His play airs out all of those debates, but it wears all that baggage lightly and with style. I was going to write about 1979 anyway, as an oddity, but after my conversation with Healey I watched a performance of GCTC’s production of 1979, and I was utterly charmed. It’s genuinely funny, literate and highly entertaining. It’s cheerfully relaxed about its allegiance to historical truth—things happen in the play that didn’t happen in real life and, indeed, couldn’t have—but what’s most impressive is that it’s sympathetic and perceptive, not just toward Clark, but to politicians in general.

The shorthand view of Clark—certainly the conclusion I came to when I covered him from 1998 to 2002—is that he’s a political version of Ed Wood, the fabulously inept film director Tim Burton dramatized in his movie of the same name. The thing about Ed Wood isn’t that he was a bad filmmaker, it’s that he desperately loved cinema and still couldn’t do it. Same deal with Clark.

Healey airs out that view of Clark. Allies and enemies both wonder how he could possibly make some of the decisions he makes. But he also punctures it, especially during a long scene with Pierre Trudeau, whose towering self-regard keeps him from noticing that he keeps plagiarizing his insights from Clark. Healey also allows for the possibility that Clark was simply too fine a man to fit into Ottawa’s sordid ways. The ambassador for that viewpoint is Healey’s McTeer, never more fascinated by Clark than when he won’t do what everyone thinks he should.

But frankly, I was expecting a sympathetic view of Clark. What’s more surprising is that Healey also airs and respects the arguments for a more strongly ideological conservatism of the kind that Clark often fought, and to which he eventually lost. This play isn’t a polemic or an apology. It pays all of its characters, even the most broadly comic, the compliment of hearing them out.

Healey’s play relies at times on Jeffrey Simpson’s masterful book about the Clark government, Discipline of Power (“It’s really the handbook”) when he isn’t gleefully chucking all allegiance to any historical fact. (This is art, after all, not a documentary.) But a long scene near the end, featuring Clark and—and —well, and a surprising young visitor, is strongly informed by Chapters 2 and 8 of my own last book, The Longer I’m Prime Minister. Healey is after much more than a cut-and-paste job: He reaches conclusions from my own writing that hadn’t occurred to me, and he keeps it all light and true to his story.

This is what I liked most about 1979: That it works as theatre, not that it rings Ottawa’s political bells. As Clark, Sanjay Talwar attempts few of his subject’s tics and mannerisms, but is persuasive as a man clinging to his convictions as the waters rise. All the other parts in the play—I counted 10—are split between two other actors. Marion Day is ribald as McTeer, scheming as Mulroney, oddly touching as the surprise visitor at the end. Kelly Wong’s Trudeau is a showstopper, his John Crosbie a foulmouthed and expert confection of physical comedy.
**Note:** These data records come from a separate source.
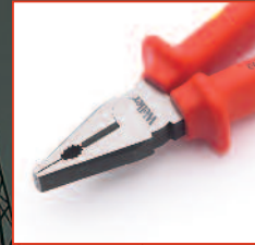
CP180 Combination Pliers
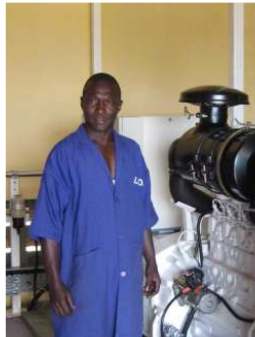
Figure 14 Technician standing in front of one of the Deutz generators, Garalo, Mali.
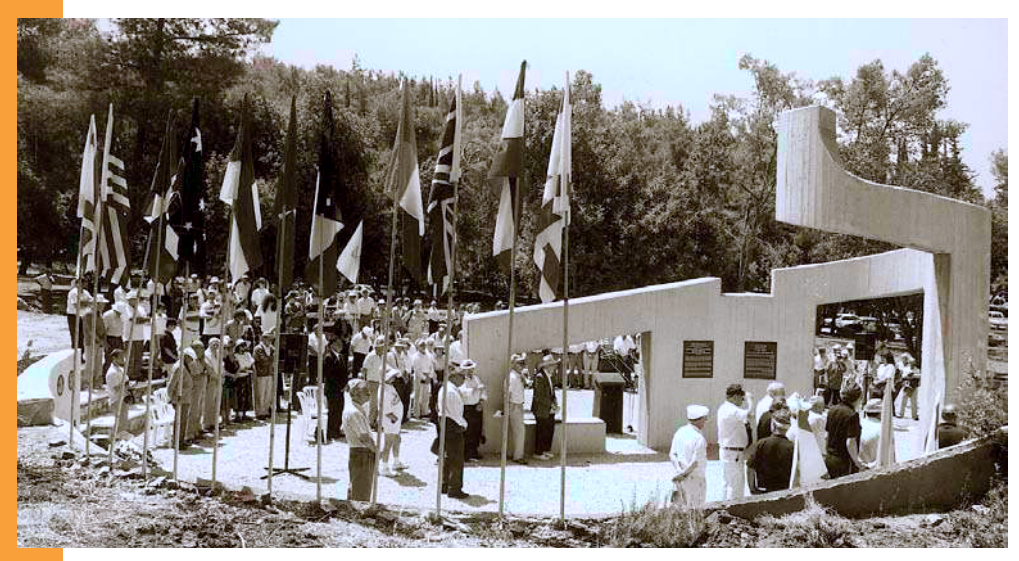
The dedication ceremony of the monument in memory of the 119 overseas volunteers who fell in the War of Independence.

Does Healey have another political play in him? Maybe not. “The next play will be about mortality. That’s really all I know about it.”

But any good play is really only about itself, or perhaps it’s really about everything. “Subject matter is secondary,” Healey said. “The play is something that happens in the room—between people on the stage, in the light, who mostly know what’s going to happen, and people in the seats in the dark who mostly don’t. Forging that relationship is incredibly difficult. Trying to figure out how to do it is something you could waste your life trying to achieve.”